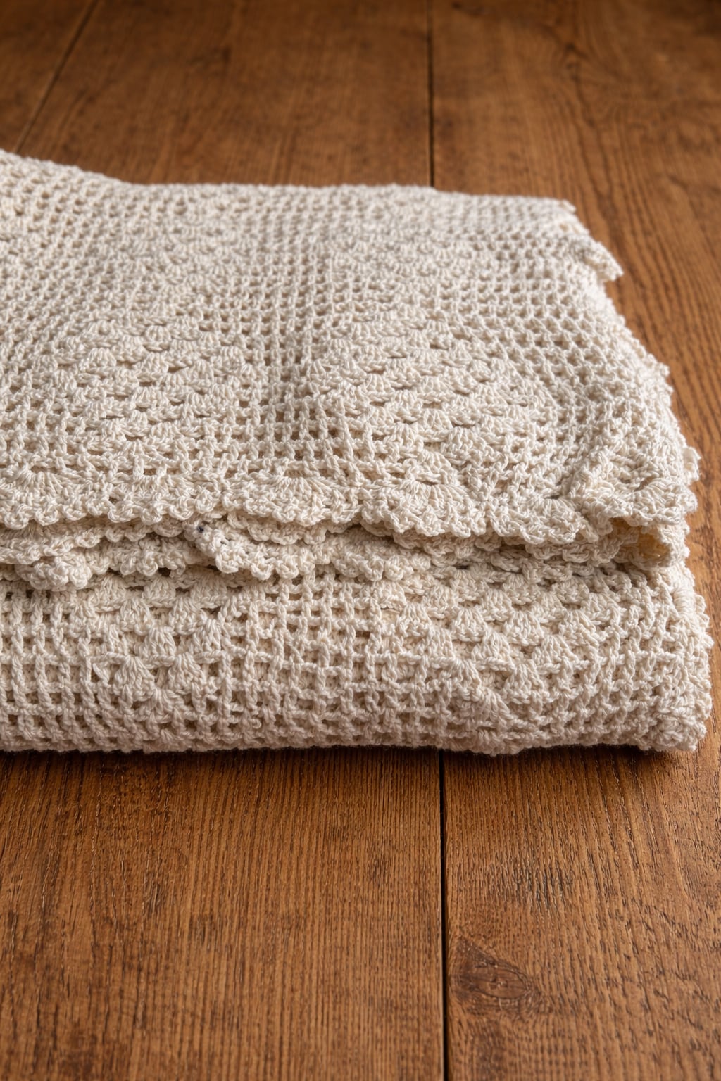 手編みの温かさを感じる、コットンクロシェカバーです。
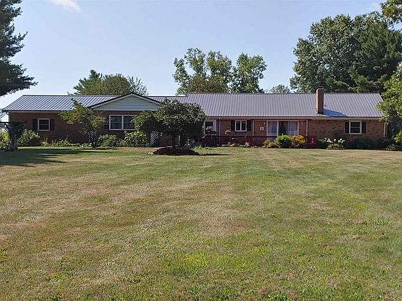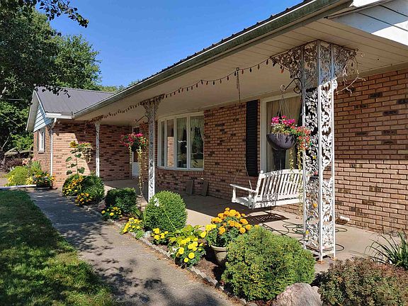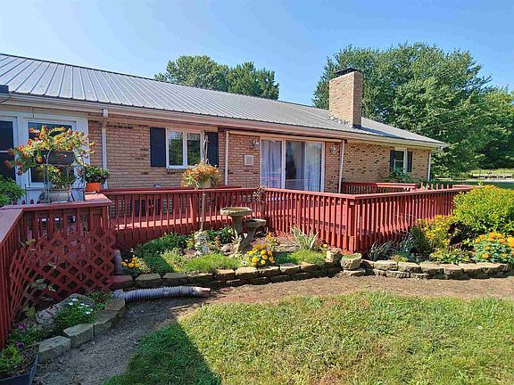 Brick ranch with 5 bedrooms and 4 1/2 bathrooms is a must see! Located on 2.09 acres, the backyard off the newly painted deck is expansive, with cherry blossom, pear and apple trees, along with other beautiful landscaping and raised garden beds. Even a luxury tree house with wrap-around porch in the back corner, nestled among the trees for privacy. The original house has 3 nice-sized bedrooms, 2 having walk-in closets, and 2 1/2 bathrooms. Large eat-in kitchen, along with window seat and kitchen bar, has been updated within the last 3 years. Real hardwood floors in the kitchen and dining room, and engineered hardwood floors in the remainder of the original house. Impressive brick fireplace with wood burning insert in the family room, wooden beamed ceiling, and sliding door out to the back deck. 2 car attached garage enters into original part of the house, to mudroom/laundry area and 1/2 bath. A wing was built on within the last 30 years for handicap accessible living, with 2 large bedrooms, one having an attached full bathroom, and the other having a full bathroom nearby. The 1 1/2 car garage attached to this wing even has a lift to put wheelchairs into cars. Access to the back deck from this wing as well, and a ramp down the deck for ease of access. Updates within the last 7 years include: metal roof, furnace and air conditioner, some windows, chimney tuck pointed, well pump replaced. Full unfinished basement under original house plus lots of storage!
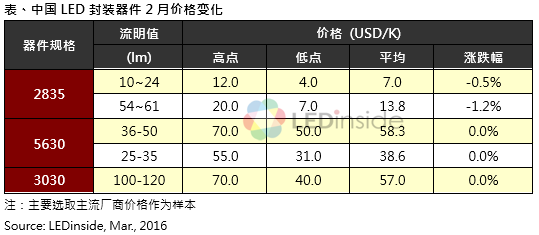 - LED需求增速不明显,2月全球LED灯泡价格稳中有降

|---|

Exactly as written above, print every line of the data but not its pictures.

### ANSWER AREA
 手編みの温かさを感じる、コットンクロシェカバーです。
 Brick ranch with 5 bedrooms and 4 1/2 bathrooms is a must see! Located on 2.09 acres, the backyard off the newly painted deck is expansive, with cherry blossom, pear and apple trees, along with other beautiful landscaping and raised garden beds. Even a luxury tree house with wrap-around porch in the back corner, nestled among the trees for privacy. The original house has 3 nice-sized bedrooms, 2 having walk-in closets, and 2 1/2 bathrooms. Large eat-in kitchen, along with window seat and kitchen bar, has been updated within the last 3 years. Real hardwood floors in the kitchen and dining room, and engineered hardwood floors in the remainder of the original house. Impressive brick fireplace with wood burning insert in the family room, wooden beamed ceiling, and sliding door out to the back deck. 2 car attached garage enters into original part of the house, to mudroom/laundry area and 1/2 bath. A wing was built on within the last 30 years for handicap accessible living, with 2 large bedrooms, one having an attached full bathroom, and the other having a full bathroom nearby. The 1 1/2 car garage attached to this wing even has a lift to put wheelchairs into cars. Access to the back deck from this wing as well, and a ramp down the deck for ease of access. Updates within the last 7 years include: metal roof, furnace and air conditioner, some windows, chimney tuck pointed, well pump replaced. Full unfinished basement under original house plus lots of storage!
 - LED需求增速不明显,2月全球LED灯泡价格稳中有降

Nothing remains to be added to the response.